CUDA performance of managed array pointers.

I’m drunk right now so I might regret asking a dumb question in the morning.

This question is regarding performance differences between global variables and those passed to kernel functions. It seems that large arrays (2GB) allocated with cudaMallocManaged(…) yield inferior performance to those declared with cudaMalloc(…) in global functions. Is it safe to state that externally declared array pointers will remain at the same place in L2 cache (Pascal) as those passed as function parameters?

Example 1:

uint32_t* bigarray;
__global__ void doSomething(uint32_t* param)
{
    unsigned x = ...;
    uint32_t val = para[x];
    ...
}

void callDoSomething()
{
    //declare dim3s...
    //dim3...
    cudaMalloc(&bigarray,...);
    doSomething<<<...>>>(bigarray);
}

vs

__managed__ __device__ uint32_t* bigarray;

//everything else is the same here. I'm drunk
__global__ void doSomething()
{
    //refer to bigarray instead of param
}

[s]arrays created with cudaMalloc vs cudaMallocManaged may behave differently.

https://devblogs.nvidia.com/maximizing-unified-memory-performance-cuda/

usually performance can be “restored” with proper use of cudaMemPrefetchAsync

The above statements are assuming you are working on a Pascal or later device, and on linux.[/s]

This is on the TX2 (6.2 Pascal). Sorry, I should’ve clarified: I’m using cudaMalloc to allocate the memory that the pointer points to. It appears that declarations of global pointers that have the managed and device modifiers don’t require cudaMalloc to be called specifically for the pointer. e.g., I don’t have to say CHECK(cudaMalloc(&myPointer, sizeof(uint32_t))).

Are you saying that I can use cudaMallocManaged for my array and call cudaMemPrefetchAsync to arrange it so that it’s as fast as it would be if I declared it using cudaMallocManaged? I had been explicitly loading one array and then using cudaMemcpy(…) to load it to another block of memory declared using cudaMalloc because the extra performance matters.

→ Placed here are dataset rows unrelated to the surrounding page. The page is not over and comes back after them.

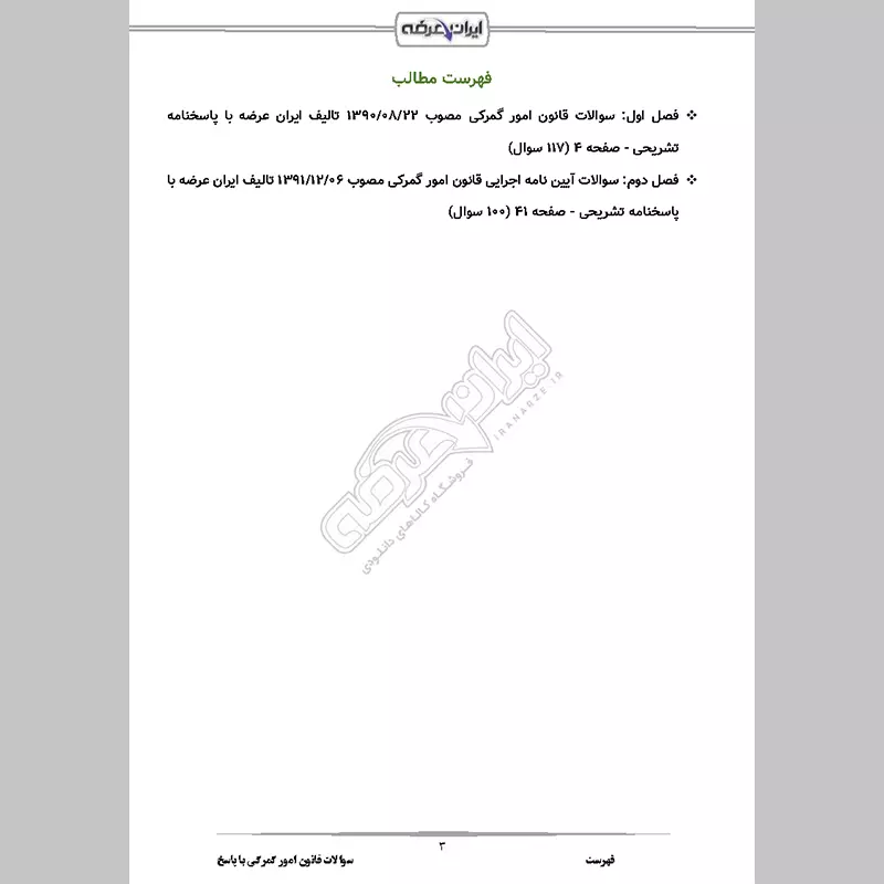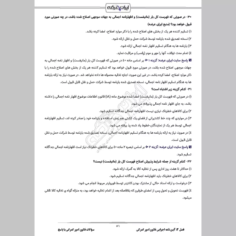 • فصل 2: سوالات آیین نامه اجرایی قانون امور گمرکی مصوب 06/12/1391 تالیف ایران عرضه - صفحه 41 (100 سوال)
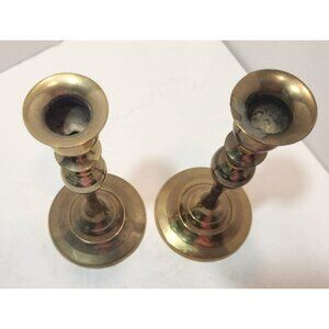 Vintage Brass Taper Round Candlestick Holders 8" Tall Set Of 2 Made in India
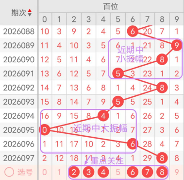近7期(091~097)开奖号百位号码球分别为5、8、5、4、0、6、8,开奖号与上一期走出的振幅分别为3、3、3、1、4、6、2。091期走出5号中大数号码球,走出“3”的中小幅度,092期走出8号大数号码球,走出“3”的中小幅度,093期走出5号中大数号码球,走出“3”的中小幅度,094期走出4号中小数号码球,走出“1”的小幅度,095期走出0号小数号码球,走出“4”的中小幅度,096期走出6号中大数号码球,走出“6”的中大幅度,097期走出8号大数号码球,走出“2”的小幅度;从振幅大小及走势图的整体形势,中大幅度走在4~6之间较为适宜,中小幅度走在0~2之间较为适宜;结合走势图的整体及大小走势分析,本期百位需重点关注号码球为2、3、4、6、7、8。
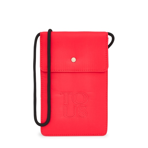 מנשא לטלפון נייד מסדרת Balloon Soft של TOUS, עשוי מניילון ממוחזר בצבע אלמוג. סגירת דש עם לחצנית תיקתק. רצועת הצלבה הניתנת להתאמה באמצעות חרוז החלקה. מידות (גובה x רוחב x עומק): 19 x 12.5 x 1 ס"מ.
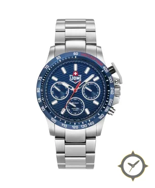 A Chronograph watch with a bold 51mm presence on the wrist, crafted from stainless steel featuring a blue dial with a unique waffle / embossed grid pattern finish.
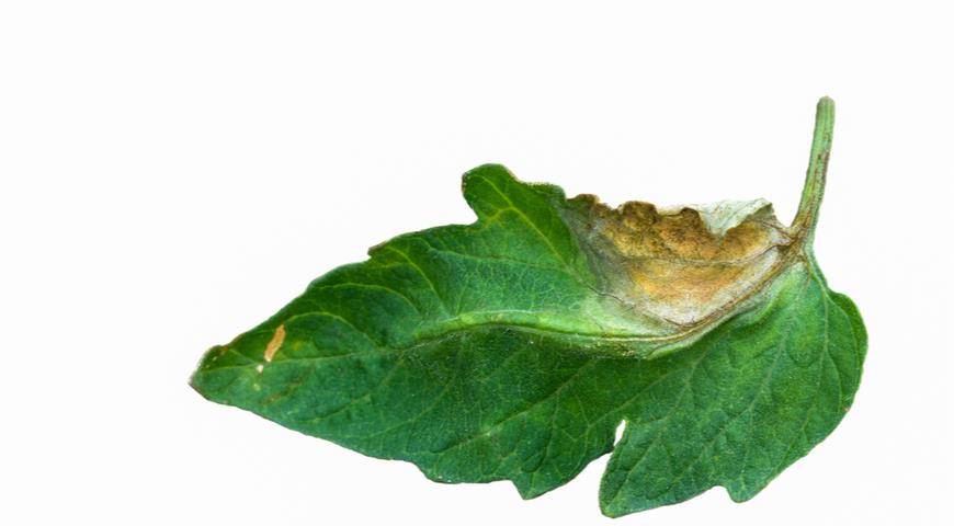 Первые симптомы болезни появляются там, где дольше всего сохраняется влага, – на нижних листьях по краям листовой пластинки. На пораженных плодах томатов образуются бурые вмятины, и плоды вскоре загнивают, засохшие листья скручиваются в трубочку.

[s]I didn’t know you were on TX2. That changes things. You might want to ask TX2 questions on the TX2 forum.

It should not be necessary to use cudaMemPrefetchAsync with TX2. The items in the article I linked relating to performance don’t apply to the TX2 case.

TX2 cudaMallocManaged allocations have implications for performance with respect to caching behavior however. I’m not sure there is enough posted here for me to go on to say anything further about performance.

However this:

managed device uint32_t* bigarray;

is kind of a silly construct in my opinion.

managed device means a static allocation. The sensible use of it would be (IMO):

managed device uint32_t bigarray[SOME_CONSTANT];

That puts all of that allocation in managed memory.

This:

managed device uint32_t* bigarray;

puts the storage for the pointer itself in managed memory, but who knows what the pointer points to? Whatever it points to is not necessarily a managed allocation.

If you do a cudaMalloc on it, then you have a managed pointer pointing to an unmanaged allocation. Confusing.

If it were me I would do cudaMalloc on an ordinary pointer and pass that to the kernel, which is typical CUDA usage.[/s]

The reason for using that construct, and, correct me if I’m wrong, is so that I can allocate memory on the host and access it within kernel functions without having to deal with changing signatures and calling constructs in every place where they’re called. It seems to work fine for that. The only other way to access the pointers on the host and in the kernel is to declare them locally in the calling function and then pass them as arguments. I’m using pairs of optimized tables (index + data) for large masked operations to prevent needlessly repeating kernel calls that won’t do anything.

Example:

__managed__ __device__ int32_t indexSize;
__managed__ __device__ uint32_t *index;
__managed__ __device__ float *data;

__global__ void computeResults(float *results)
{
    unsigned idx = blockDim.x * blockIdx.x + threadIdx.x;

    if (idx < indexSize)
    {
        unsigned x = index[idx]
        results[x] = degrees(sin(radians(data[idx])));
    }
}

void main()
{ 
    ifstream fd_in(PATH, ios::in | ios::binary);
    if(fd_in)
    {
    ...
    }
    fd_in.read((char*)&indexSize, sizeof(int32_t));
    CHECK(cudaMallocManaged(&index, sizeof(int32_t) * indexSize));
    fd_in.read((char*)index ...);
    CHECK(cudaMallocManaged... &data);
    fd_in.read(...data);
    fd_in.close();
    float *resultData;
    CHECK(cudaMalloc(&resultData, sizeof(float) * BIG_NUMBER));
    computeResults<<<indexSize, 256>>>(resultData);
    SYNC;
    CHECK(cudaMemcpy(...));
}

Responding here was a mistake on my part. Please disregard my comments.